# Pepper in the Morning Video



## PJM (May 7, 2010)

We couldn't leave Pepper out. I don't have a lot on her yet. But this is our routine in the morning. We've been working on it for a while now & she pops out of her ball much quicker than she used to. 

I promise I won't flood you with videos!!! :roll: :lol:


----------



## Daleo (Jun 1, 2011)

I love pics and videos! This is the "fun stuff" catagory after all  Even though she is still just a little shy, she doesn't pop or huff that I could tell. She looks like she's getting to know you pretty well


----------



## CourtneyFaye (Jul 31, 2011)

So cute!! How long have you had her?


----------



## PJM (May 7, 2010)

CourtneyFaye said:


> So cute!! How long have you had her?


Almost 2 months now. But she is a rehome. She's about 2+ years old. I don't think she had a lot of socialization with people before. She shared a cage with an older female hedgie before she came to us & before that, she was in a pet store. So...she has really come a long way so far. Her personality is starting to come out & we are bonding. Well, I bonded with her before I met her, but she is starting to bond with me.


----------



## ReginasMommy (Apr 13, 2011)

Awww, what a pretty little girl! I am thoroughly enjoying all the vids, by the way...


----------



## Rainy (Jul 27, 2011)

Pepper is adorable! Is she sleeping on satin sheets?!? I wanna be your hedgie!

Just open the flood gates and show those videos!!


----------



## Hissy-Fit-Hazel (Jul 15, 2011)

Oh Pepper is a cutie too  There can never be too many videos & pics ya know


----------



## PJM (May 7, 2010)

Thanks guys! I'm really falling for her.  

Not satin sheets. lol. But I fell in love with that fabric years ago when I worked at a fabric store & bought the whole bolt. I was going to make a comforter, curtains & pillows. But hubby said it was too girly & he didn't really like it. But now Zoey & Pepper are using it! :lol:


----------



## cylaura (Jan 13, 2011)

Yay Pepper!
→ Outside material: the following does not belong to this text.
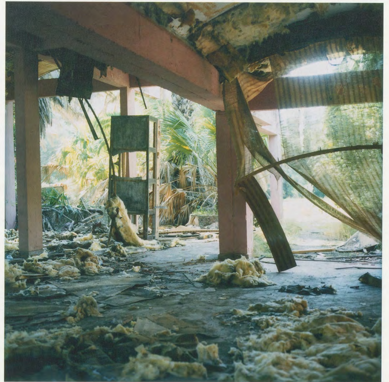
YTO BARRADA, RESTAURANT, VILLA HARRIS, FIG. 1, 2010, C-print, 49 1/4 x 49 1/4", diptych / C-Print, 125 x 125 cm, Diptychon.

I am so glad we got a video of her too.  And I think you should know we never get tired of cute hedgie videos around here... 
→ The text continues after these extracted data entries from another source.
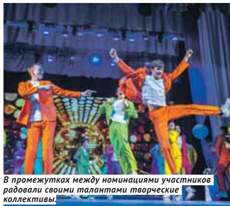
В промежутках между номинациями участники радовали своими талантами творческие коллективы.
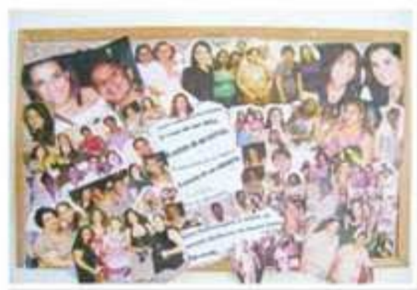
Um mural com fotos de todas as colaboradoras foi exposto em homenagem ao Dia da Mulher na Santa Casa
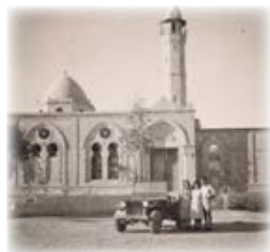
אני בהריון בבאר שבע עם ביאנקה ושמואל

סתיו. הלילות נעשו קרירים ופה ושם כבר נשמע קול טיפות הגשם,
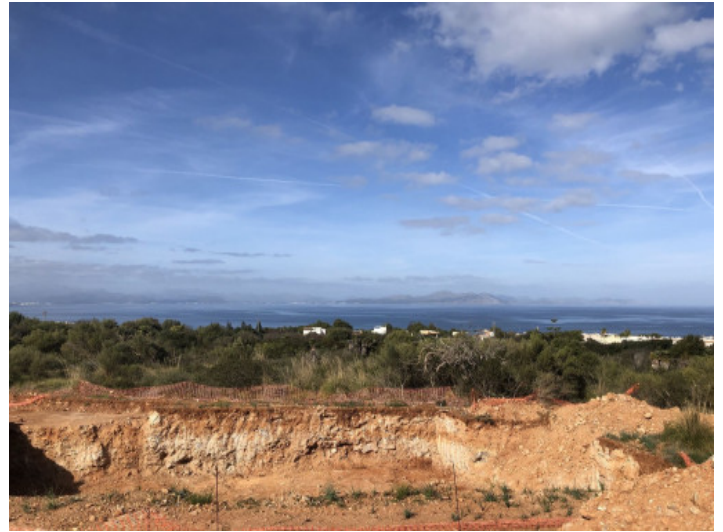
Weitblick bis hin zum Meer
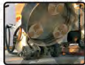
鏗基地坪施做機器

Also, I'm so glad to know I am not the only person who uses that tone of voice (and those exact same types of phrases) when I wake up my hedgehog in the morning. My BOY hedgehog. :roll:


----------



## PJM (May 7, 2010)

:lol: Yeah, I use the same voice & phrasing for my boy Cholla too. But the really sad thing is...I do it for hedgie-daddy too! :lol: :lol: Sweetie, sweetheart, honey, baby...he never knows if I'm talking to him or the hedgies! :roll: :lol:


----------



## hanhan27 (May 12, 2011)

Pepper is a doll! It's easy to see that she has come a long way since you brought her home, based off of the first few stories you told us about her. It's wonderful to hear about hedgies progressing with their owners.


----------